Взгляды всех в зале обратились на него. Воины помоложе смотрели с недоумением. Те, что постарше, сохраняли невозмутимость. Пусть ярл сначала договорит, а потом уж станет понятно, смеяться тут или молча ухмыляться...
Фарлаф, успевший дойти до Красавы, за спиной которой замер Сигурд, подтолкнул Забаву вперед. Она замерла по левую руку от сестры. Столько взглядов - и все пялятся на неё. Хотелось опустить голову, скукожиться, стать незаметной...
Вот только внутри словно вставала непонятная сила, не дававшая ей это сделать. Даже не гордость - Забава, с детства битая теткой Настой, понятия о таком не имела. Скорее просто упрямство. И поэтому она застыла с прямой спиной, вскинув голову. Только взгляд немного приспустила, стараясь ни на кого не смотреть.
А потом на неё светло и страшно сверкнул глазами воин, сидевший за столом напротив, прямо перед ней. Глаза у него были странные, светло-серые. С черными дырками зрачков...

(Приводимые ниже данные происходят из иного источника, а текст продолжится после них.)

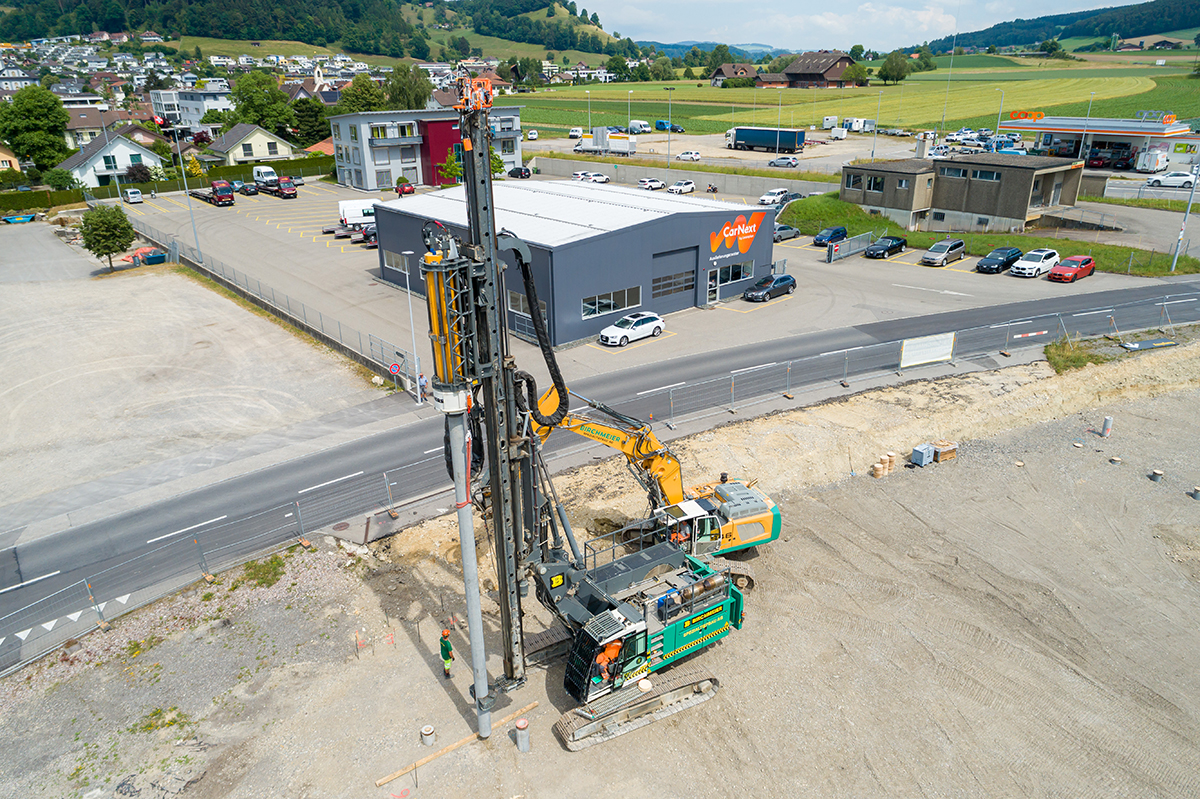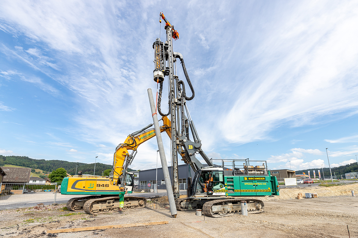 - Über einer ursprünglichen Mülldeponie, bei welcher bis heute stark kontaminiertes Baugrundmaterial vorhanden ist, werden Pfähle als Fundationsträger vom Neubau der Schulanlage FB ABZM erstellt. Aufgrund des stark belasteten und kontaminierten Baugrunds, erarbeitete die Birchmeier Spezialtiefbau AG zusammen mit der Bauherrschaft eine Unternehmervariante, bei welcher eine Pfahlfundation mittels Fertigbeton-Rammpfählen definiert wurde. Durch das definierte Pfahlsystem wird der stark belastete Baugrund nicht mittels eines Durchbohrens an die Oberfläche gefördert, sondern wird seitlich verdrängt. Zusätzlich konnte durch das definierte Pfahlsystem das Risiko einer befürchteter Grundwasserverschmutzung um ein Vielfaches minimiert werden.
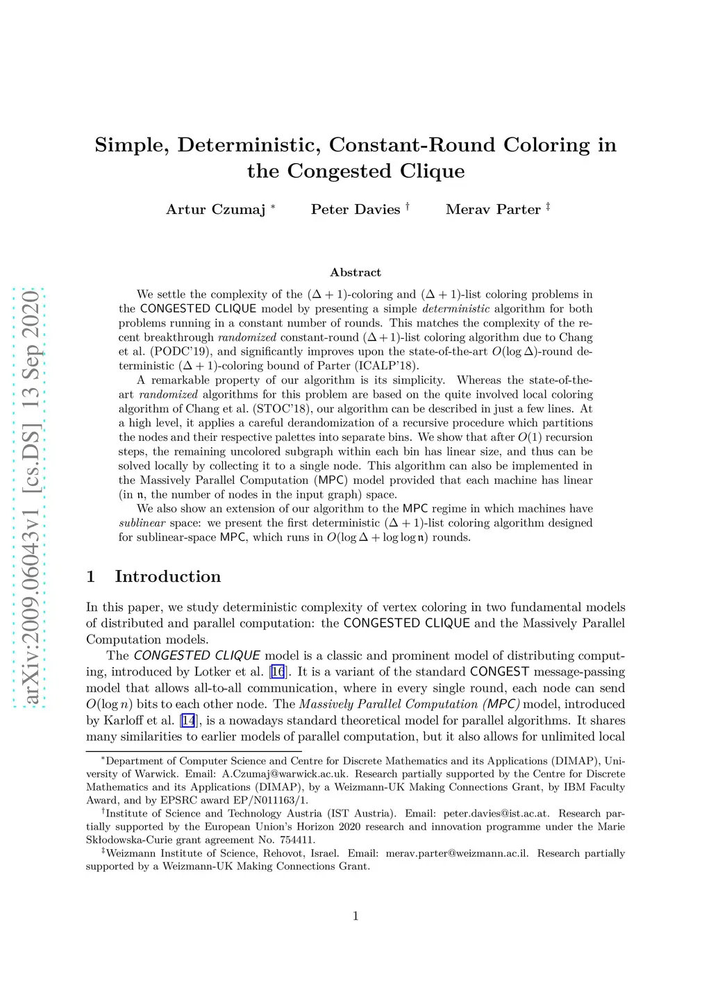 We settle the complexity of the -coloring and -list coloring problems in the CONGESTED CLIQUE model by presenting a simple deterministic algorithm for both problems running in a constant number of rounds. This matches the complexity of the recent breakthrough randomized constant-round -list coloring algorithm due to Chang et al. (PODC'19), and significantly improves upon the state-of-the-art -round deterministic -coloring bound of Parter (ICALP'18). A remarkable property of our algorithm is its simplicity. Whereas the state-of-the-art randomized algorithms for this problem are based on the quite involved local coloring algorithm of Chang et al. (STOC'18), our algorithm can be described in just a few lines. At a high level, it applies a careful derandomization of a recursive procedure which partitions the nodes and their respective palettes into separate bins. We show that after recursion steps, the remaining uncolored subgraph within each bin has linear size, and thus can be solved locally by collecting it to a single node. This algorithm can also be implemented in the Massively Parallel Computation (MPC) model provided that each machine has linear (in , the number of nodes in the input graph) space. We also show an extension of our algorithm to the MPC regime in which machines have sublinear space: we present the first deterministic -list coloring algorithm designed for sublinear-space MPC, which runs in rounds.

Тот чужанин, что приходил к ним в чулан на корабле, разряженный в рубаху дивного красного шелка с синим отливом, сейчас стоял за столом. И что-то говорил - чужая речь звучала резко, грохочуще. По левую руку от него сидел человек со страшными глазами.
- Ночью, на стоянке, она ударила по голове моего человека, поставленного стеречь добычу. - Объявил тем временем Огерсон. - А потом выкинула за борт голову дракона с моего драккара, спрыгнула и уплыла, цепляясь за неё. Да, и ещё сманила с собой вторую девку, заставив её бежать вместе с собой. Но мы вернули обеих беглянок. Не знаю, какая из неё выйдет рабыня, однако если ты, брат, захочешь принести жертву богам, тебе не надо будет искать, кого взять для этого - она вполне подойдет...
Свальд смолк, потому что Харальд шевельнулся, выкинув перед собой прямую руку. Опер её о стол раскрытой ладонью, а сам немного откинулся назад, вскинув голову - и прищурился, разглядывая полонянку.
С того места, где стоял Свальд, нельзя было понять, на какую из двух девок брат смотрит так пристально. Но ярлу Огерсону почему-то казалось, что Харальд глядит на вторую, изможденную и жалкую. Обойдя при этом вниманием темноволосую красавицу.
- Значит, она сумела сбежать, Свальд? - Наконец спросил брат. - Дала одному из твоих людей по голове, украла твоего дракона и уплыла на нем? Что ж, будь она мужчиной, я бы взял её в свой хирд.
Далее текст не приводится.